● **Supplied information**:
....................

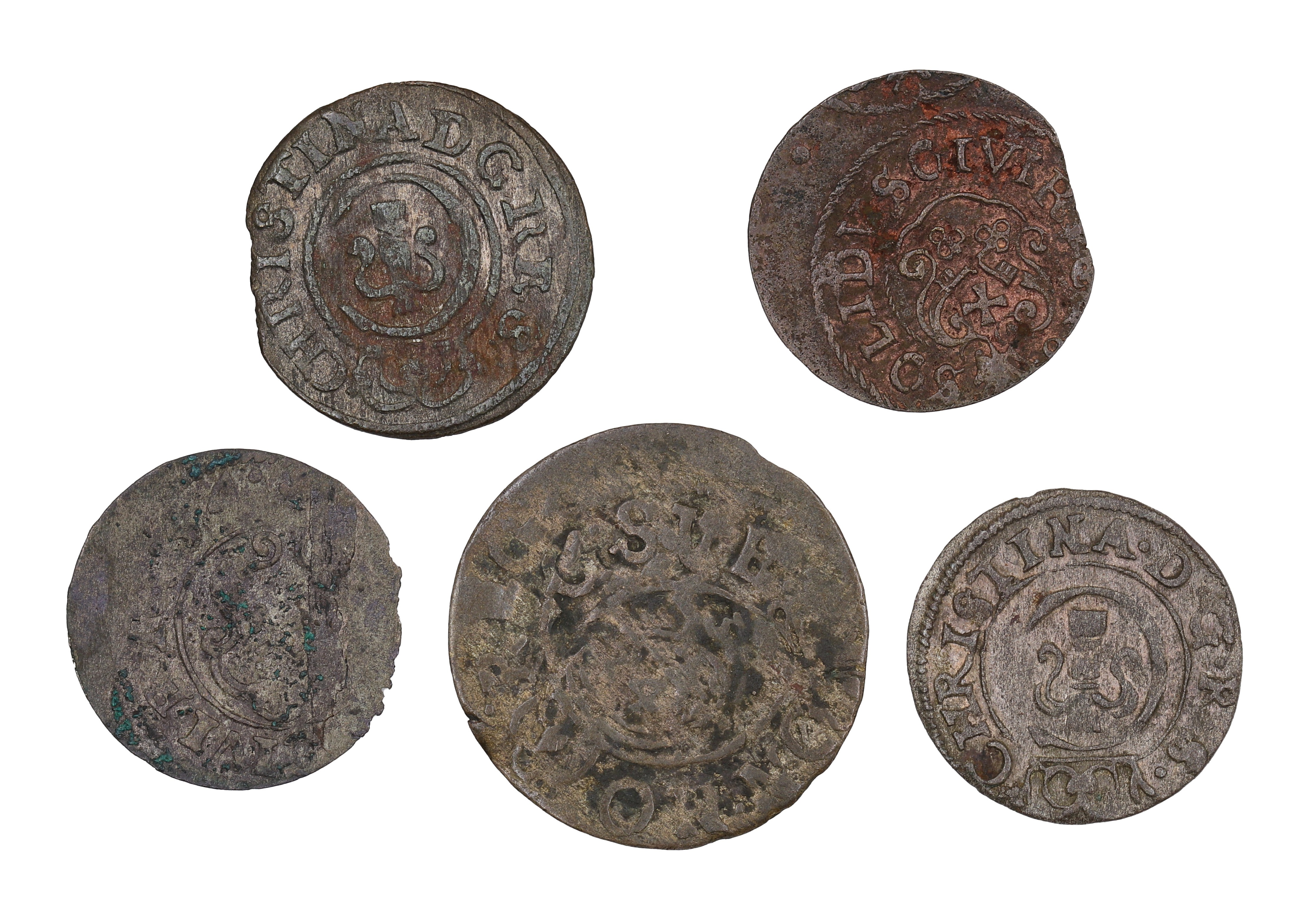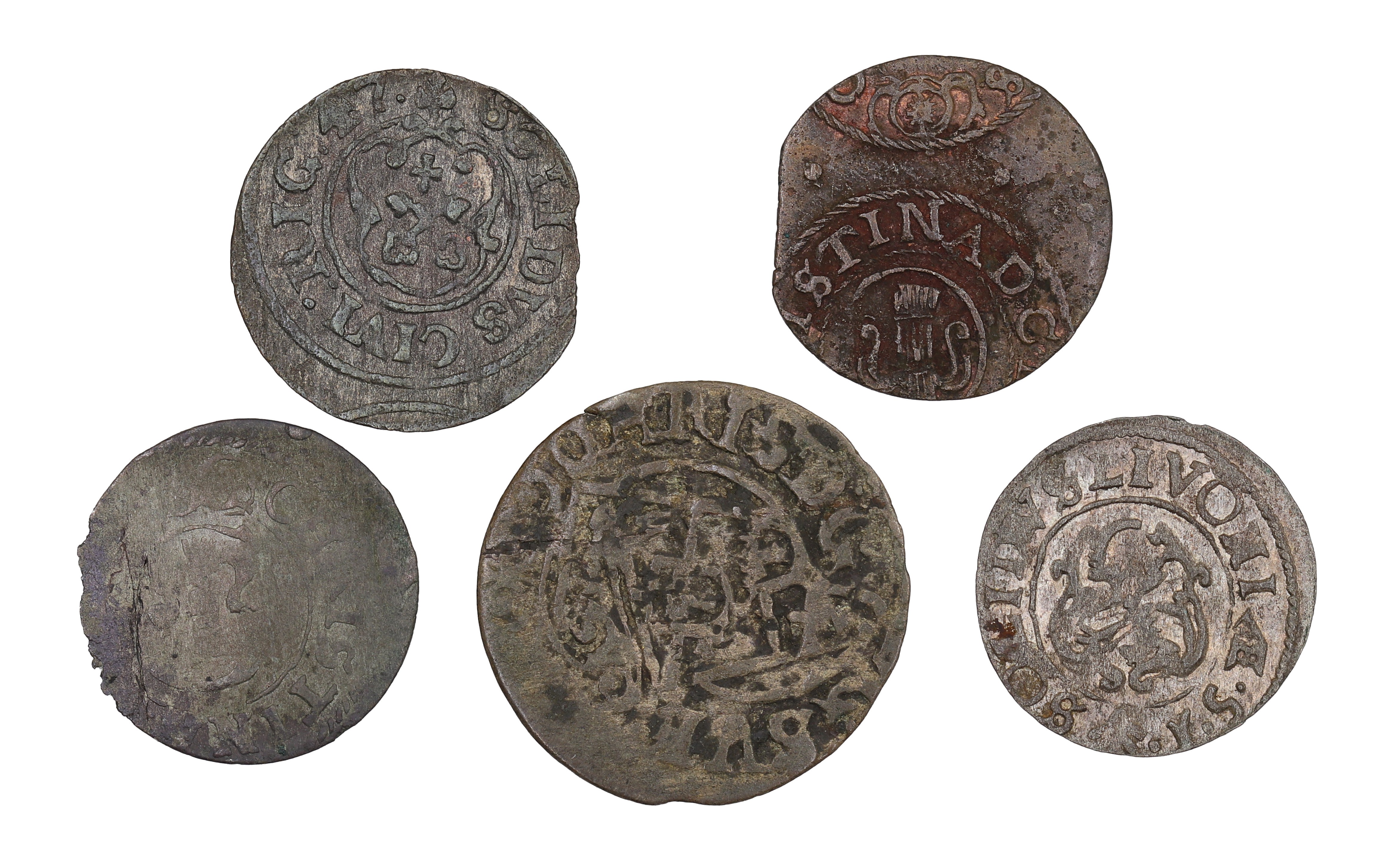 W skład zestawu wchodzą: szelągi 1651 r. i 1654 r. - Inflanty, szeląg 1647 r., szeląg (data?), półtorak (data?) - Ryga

....................

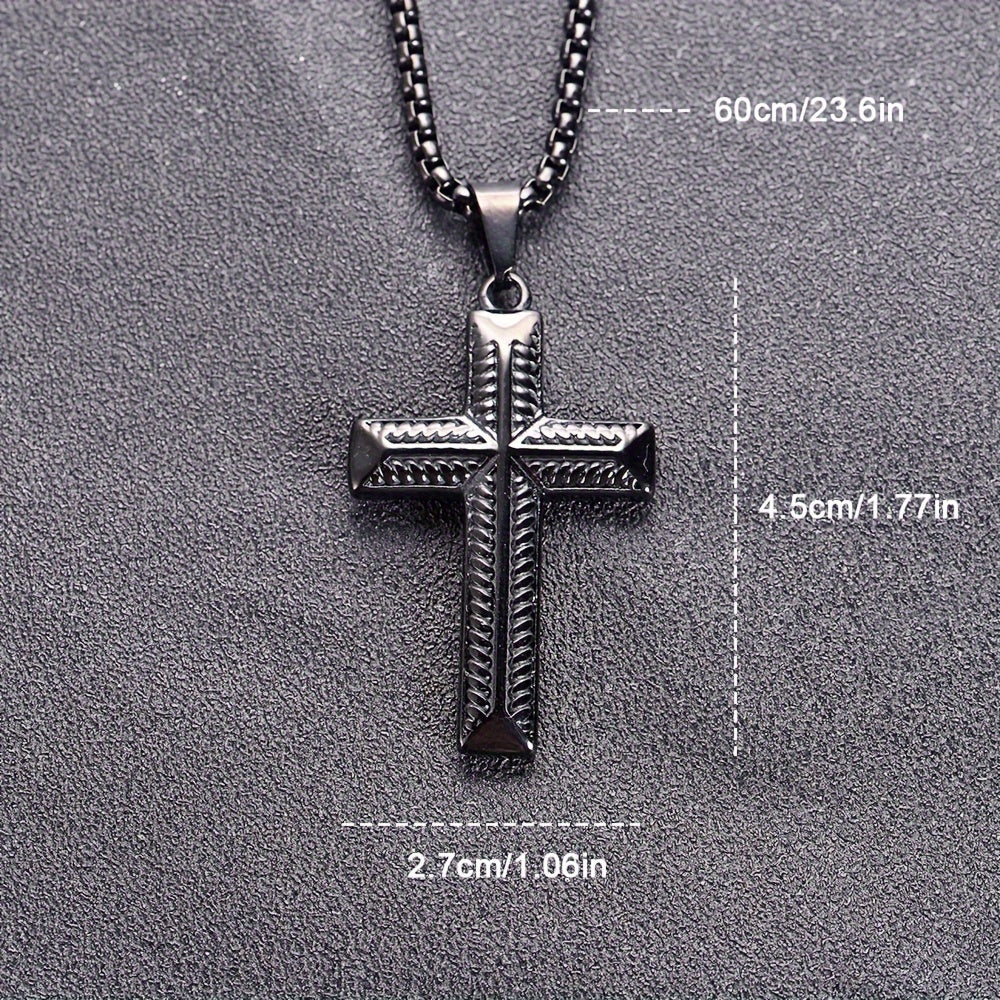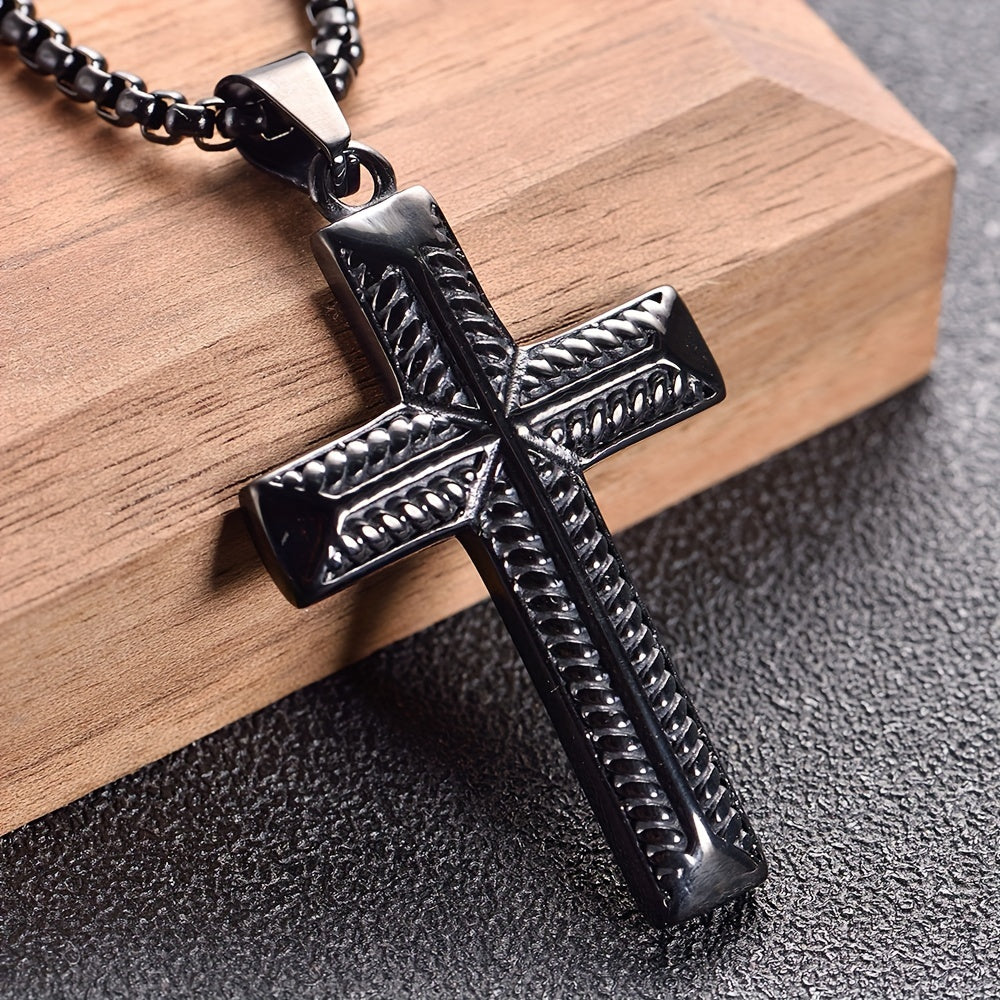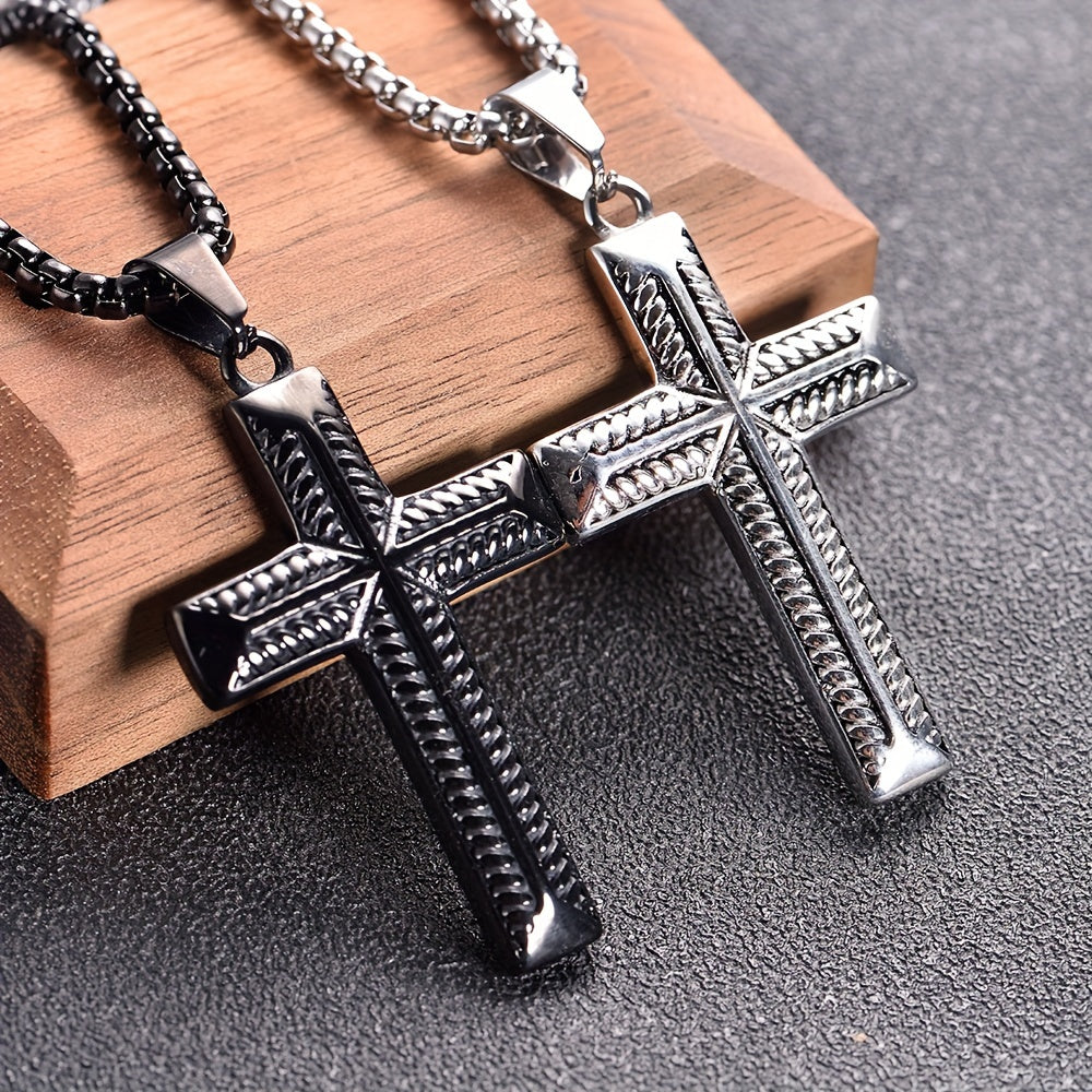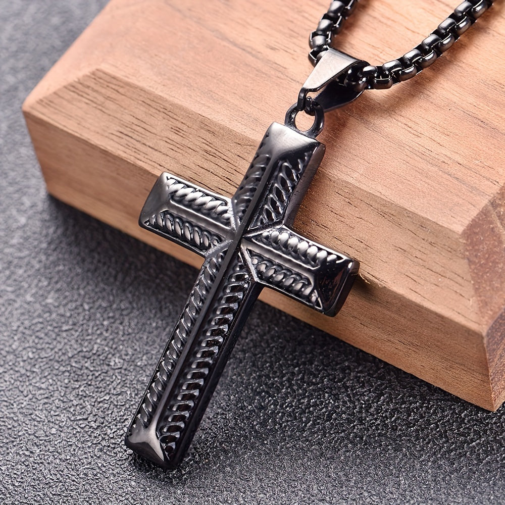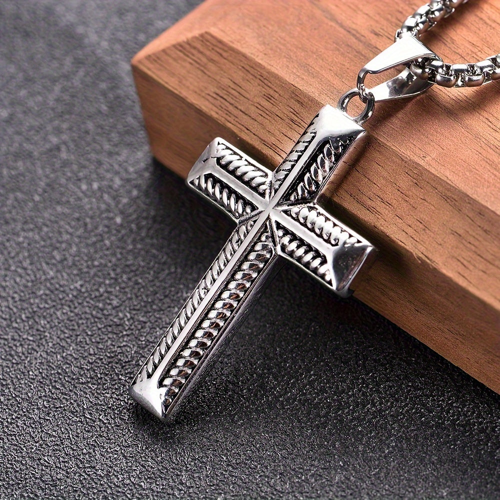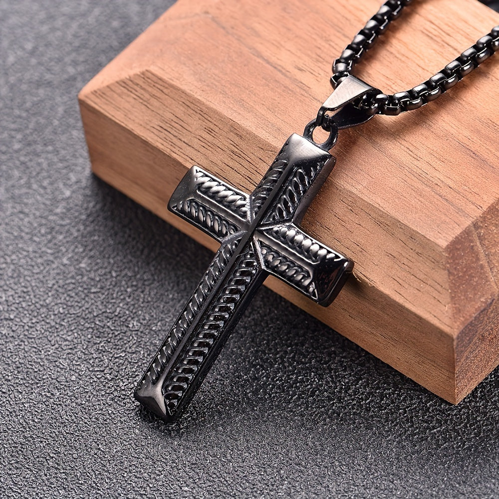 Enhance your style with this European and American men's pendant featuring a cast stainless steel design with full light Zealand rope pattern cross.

....................

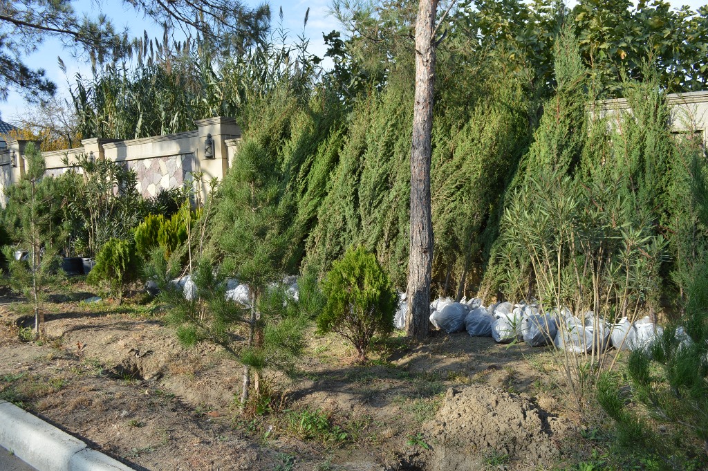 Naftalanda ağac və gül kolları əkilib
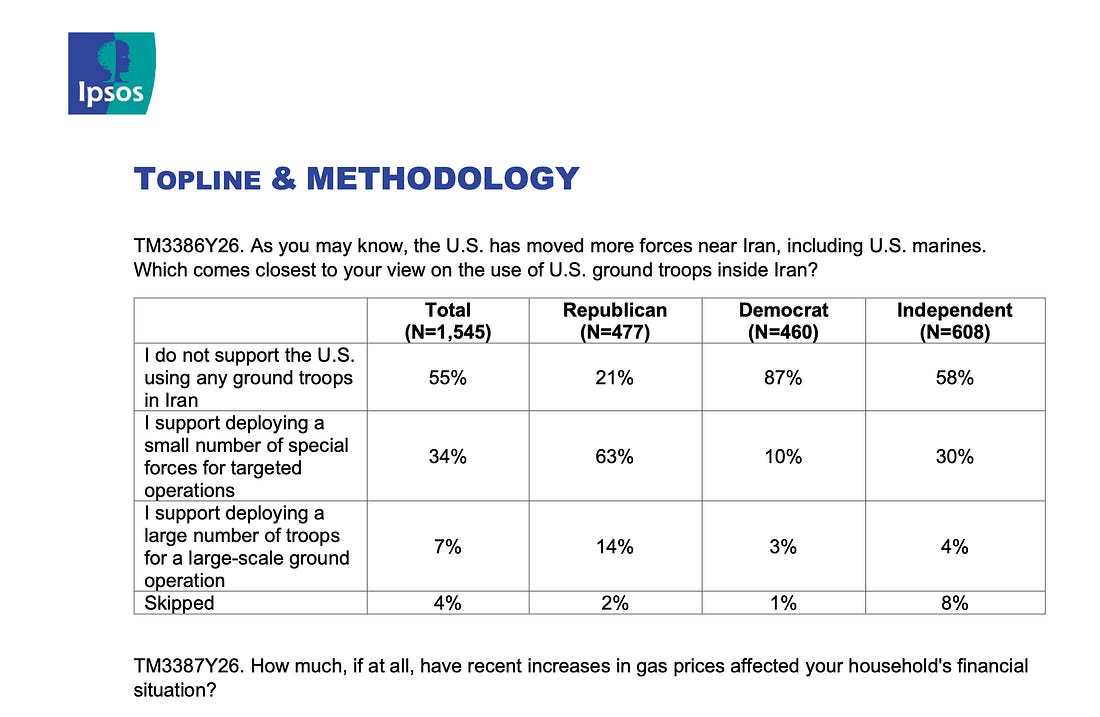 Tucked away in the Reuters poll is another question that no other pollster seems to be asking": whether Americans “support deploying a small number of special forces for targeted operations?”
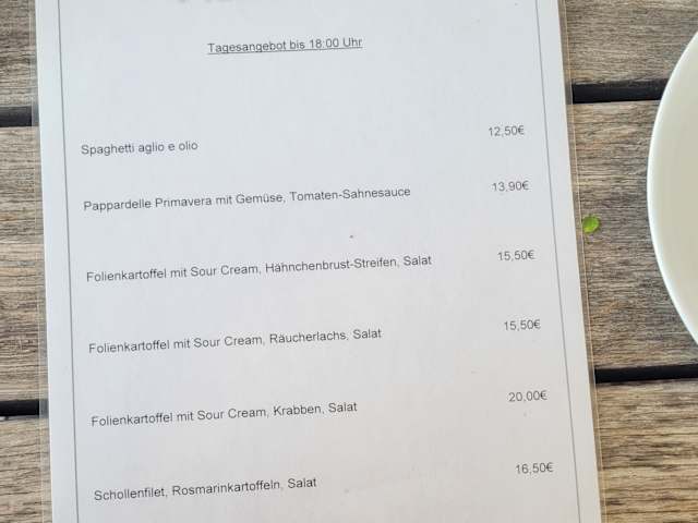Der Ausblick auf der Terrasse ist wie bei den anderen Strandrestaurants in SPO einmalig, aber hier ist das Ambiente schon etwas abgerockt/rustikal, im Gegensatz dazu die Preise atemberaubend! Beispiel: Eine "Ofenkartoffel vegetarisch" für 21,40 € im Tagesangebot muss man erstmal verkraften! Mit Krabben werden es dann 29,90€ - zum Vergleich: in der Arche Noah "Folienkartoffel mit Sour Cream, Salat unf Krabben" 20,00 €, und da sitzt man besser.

....................

Look above for the line with "Tucked away in" and copy exactly from it through the line with "Der Ausblick auf", both included. Omit the pictures.

 Tucked away in the Reuters poll is another question that no other pollster seems to be asking": whether Americans “support deploying a small number of special forces for targeted operations?”
Der Ausblick auf der Terrasse ist wie bei den anderen Strandrestaurants in SPO einmalig, aber hier ist das Ambiente schon etwas abgerockt/rustikal, im Gegensatz dazu die Preise atemberaubend! Beispiel: Eine "Ofenkartoffel vegetarisch" für 21,40 € im Tagesangebot muss man erstmal verkraften! Mit Krabben werden es dann 29,90€ - zum Vergleich: in der Arche Noah "Folienkartoffel mit Sour Cream, Salat unf Krabben" 20,00 €, und da sitzt man besser.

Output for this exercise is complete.